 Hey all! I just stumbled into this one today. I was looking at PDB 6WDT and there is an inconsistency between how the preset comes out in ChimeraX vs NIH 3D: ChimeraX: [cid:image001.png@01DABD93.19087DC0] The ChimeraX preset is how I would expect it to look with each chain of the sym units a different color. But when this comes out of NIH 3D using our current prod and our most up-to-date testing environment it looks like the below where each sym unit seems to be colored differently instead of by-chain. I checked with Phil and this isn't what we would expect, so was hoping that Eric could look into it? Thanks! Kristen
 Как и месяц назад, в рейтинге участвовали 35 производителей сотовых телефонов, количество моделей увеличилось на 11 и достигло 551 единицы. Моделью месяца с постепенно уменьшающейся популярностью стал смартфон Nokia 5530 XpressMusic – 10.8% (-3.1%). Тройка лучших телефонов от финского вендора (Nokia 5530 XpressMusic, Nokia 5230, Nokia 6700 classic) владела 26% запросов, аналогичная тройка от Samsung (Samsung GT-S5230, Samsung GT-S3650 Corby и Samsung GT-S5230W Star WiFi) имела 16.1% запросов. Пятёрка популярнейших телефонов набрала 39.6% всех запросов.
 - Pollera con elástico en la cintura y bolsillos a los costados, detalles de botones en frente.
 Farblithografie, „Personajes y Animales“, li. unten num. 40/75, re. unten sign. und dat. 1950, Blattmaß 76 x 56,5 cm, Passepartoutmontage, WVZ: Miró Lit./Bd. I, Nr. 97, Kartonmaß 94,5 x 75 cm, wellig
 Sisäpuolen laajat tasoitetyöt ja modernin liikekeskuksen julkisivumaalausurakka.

────

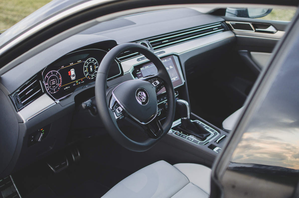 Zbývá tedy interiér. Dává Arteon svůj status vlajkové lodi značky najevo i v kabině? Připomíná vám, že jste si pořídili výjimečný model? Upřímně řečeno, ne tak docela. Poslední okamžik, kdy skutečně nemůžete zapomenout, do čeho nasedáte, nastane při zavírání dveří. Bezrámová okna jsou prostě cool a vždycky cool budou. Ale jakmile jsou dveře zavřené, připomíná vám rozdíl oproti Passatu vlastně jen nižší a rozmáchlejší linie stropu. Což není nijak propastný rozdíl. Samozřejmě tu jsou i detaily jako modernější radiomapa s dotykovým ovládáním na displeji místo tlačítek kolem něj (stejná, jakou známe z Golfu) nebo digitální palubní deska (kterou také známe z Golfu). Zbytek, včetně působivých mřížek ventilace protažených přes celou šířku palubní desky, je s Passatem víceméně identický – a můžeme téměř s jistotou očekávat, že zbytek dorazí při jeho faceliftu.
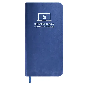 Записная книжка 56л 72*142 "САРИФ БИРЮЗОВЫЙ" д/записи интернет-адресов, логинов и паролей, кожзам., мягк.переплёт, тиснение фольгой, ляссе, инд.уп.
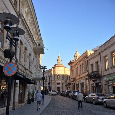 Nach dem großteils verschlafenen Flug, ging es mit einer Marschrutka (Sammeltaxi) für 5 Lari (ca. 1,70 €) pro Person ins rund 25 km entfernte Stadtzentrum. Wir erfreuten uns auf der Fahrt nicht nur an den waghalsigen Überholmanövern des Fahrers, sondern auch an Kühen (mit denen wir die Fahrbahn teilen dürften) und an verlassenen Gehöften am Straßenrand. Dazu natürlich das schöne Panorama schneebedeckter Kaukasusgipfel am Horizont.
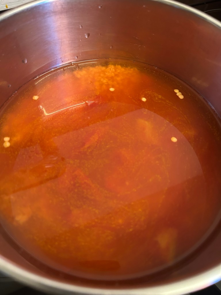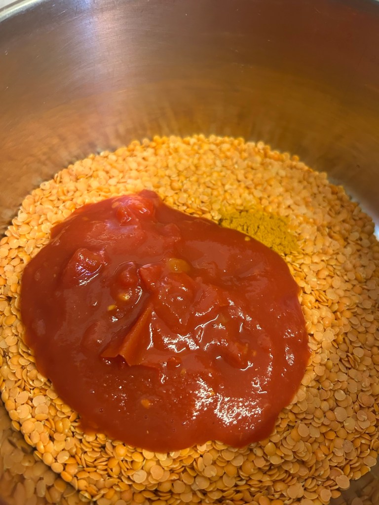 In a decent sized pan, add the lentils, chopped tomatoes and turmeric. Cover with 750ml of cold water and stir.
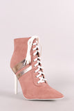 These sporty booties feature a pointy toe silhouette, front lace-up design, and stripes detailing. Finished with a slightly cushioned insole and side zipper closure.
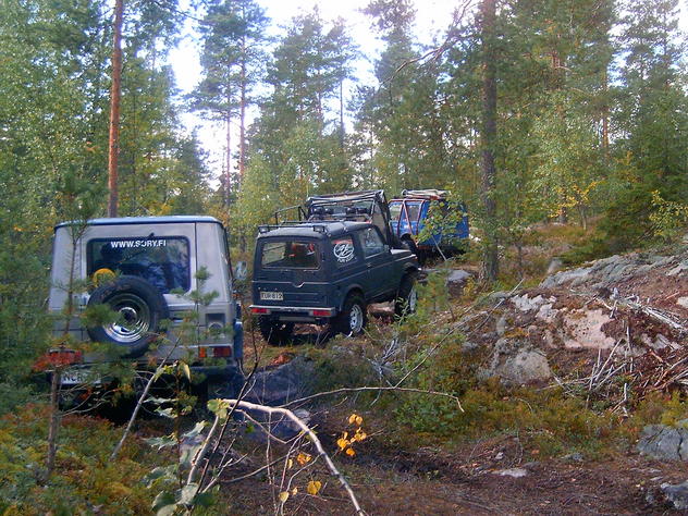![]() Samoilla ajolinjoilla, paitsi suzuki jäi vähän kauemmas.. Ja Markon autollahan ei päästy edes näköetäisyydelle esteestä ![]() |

────

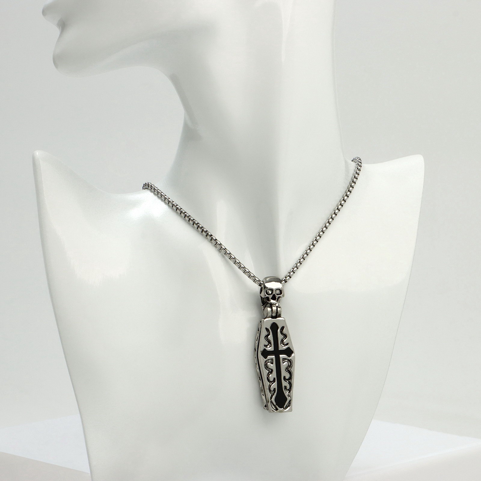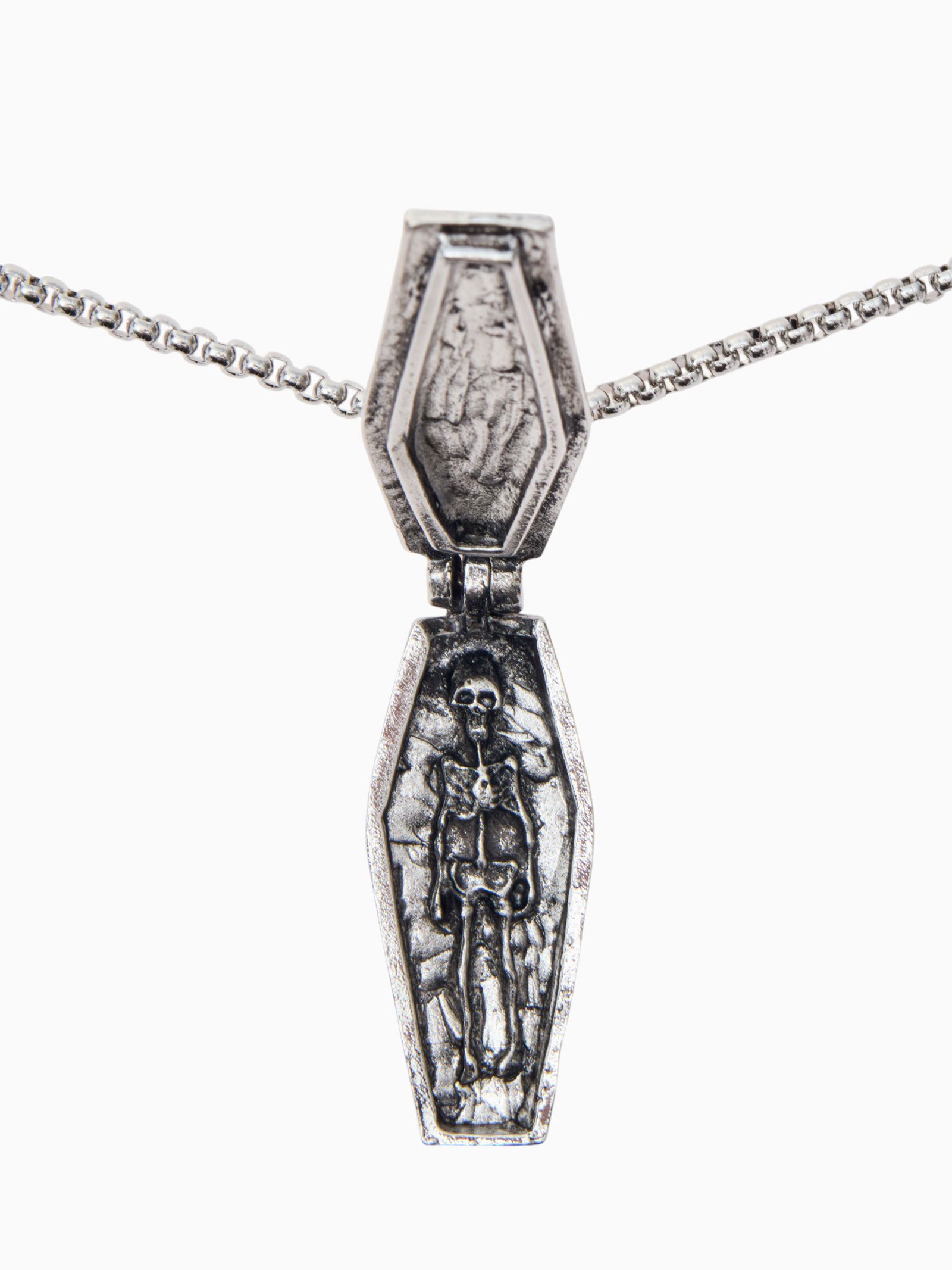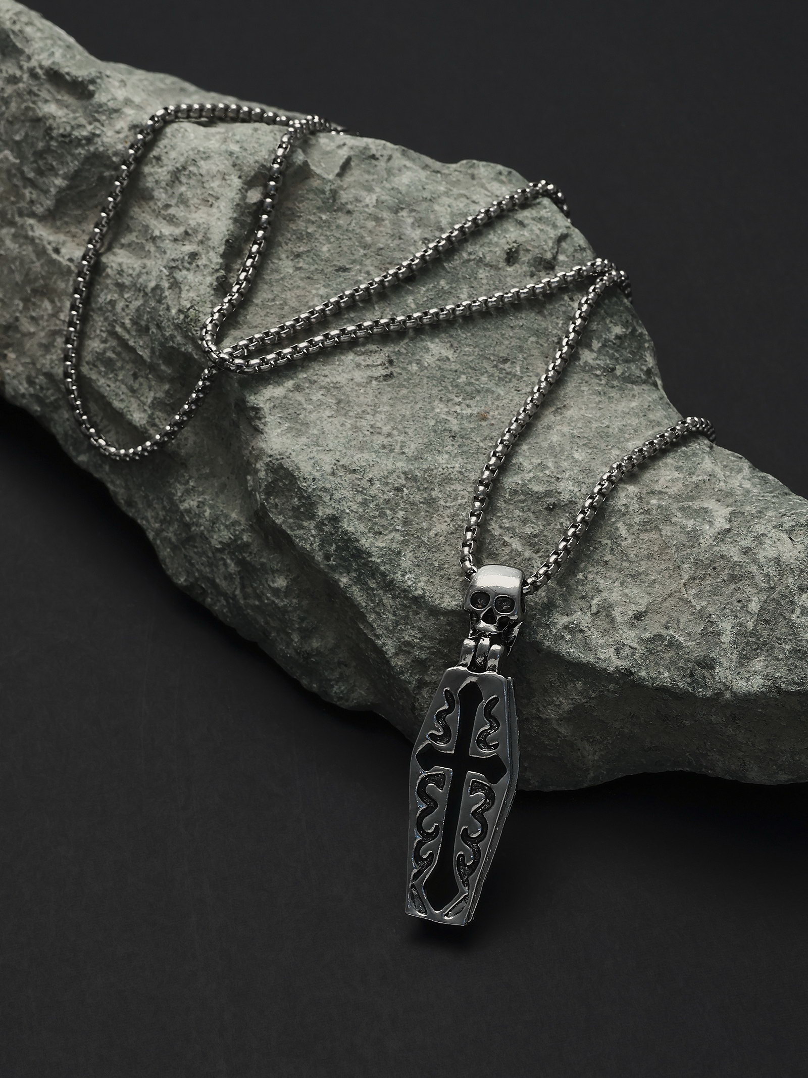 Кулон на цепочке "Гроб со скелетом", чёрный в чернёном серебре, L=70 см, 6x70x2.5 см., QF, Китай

────

# Required action:
Above, find the line holding "Zbývá tedy interiér." and the line holding "esteestä ![]() |". Print exactly those two lines and every line between them, but no pictures.

# Answer space:
 Zbývá tedy interiér. Dává Arteon svůj status vlajkové lodi značky najevo i v kabině? Připomíná vám, že jste si pořídili výjimečný model? Upřímně řečeno, ne tak docela. Poslední okamžik, kdy skutečně nemůžete zapomenout, do čeho nasedáte, nastane při zavírání dveří. Bezrámová okna jsou prostě cool a vždycky cool budou. Ale jakmile jsou dveře zavřené, připomíná vám rozdíl oproti Passatu vlastně jen nižší a rozmáchlejší linie stropu. Což není nijak propastný rozdíl. Samozřejmě tu jsou i detaily jako modernější radiomapa s dotykovým ovládáním na displeji místo tlačítek kolem něj (stejná, jakou známe z Golfu) nebo digitální palubní deska (kterou také známe z Golfu). Zbytek, včetně působivých mřížek ventilace protažených přes celou šířku palubní desky, je s Passatem víceméně identický – a můžeme téměř s jistotou očekávat, že zbytek dorazí při jeho faceliftu.
 Записная книжка 56л 72*142 "САРИФ БИРЮЗОВЫЙ" д/записи интернет-адресов, логинов и паролей, кожзам., мягк.переплёт, тиснение фольгой, ляссе, инд.уп.
 Nach dem großteils verschlafenen Flug, ging es mit einer Marschrutka (Sammeltaxi) für 5 Lari (ca. 1,70 €) pro Person ins rund 25 km entfernte Stadtzentrum. Wir erfreuten uns auf der Fahrt nicht nur an den waghalsigen Überholmanövern des Fahrers, sondern auch an Kühen (mit denen wir die Fahrbahn teilen dürften) und an verlassenen Gehöften am Straßenrand. Dazu natürlich das schöne Panorama schneebedeckter Kaukasusgipfel am Horizont.
 In a decent sized pan, add the lentils, chopped tomatoes and turmeric. Cover with 750ml of cold water and stir.
 These sporty booties feature a pointy toe silhouette, front lace-up design, and stripes detailing. Finished with a slightly cushioned insole and side zipper closure.
![]() Samoilla ajolinjoilla, paitsi suzuki jäi vähän kauemmas.. Ja Markon autollahan ei päästy edes näköetäisyydelle esteestä ![]() |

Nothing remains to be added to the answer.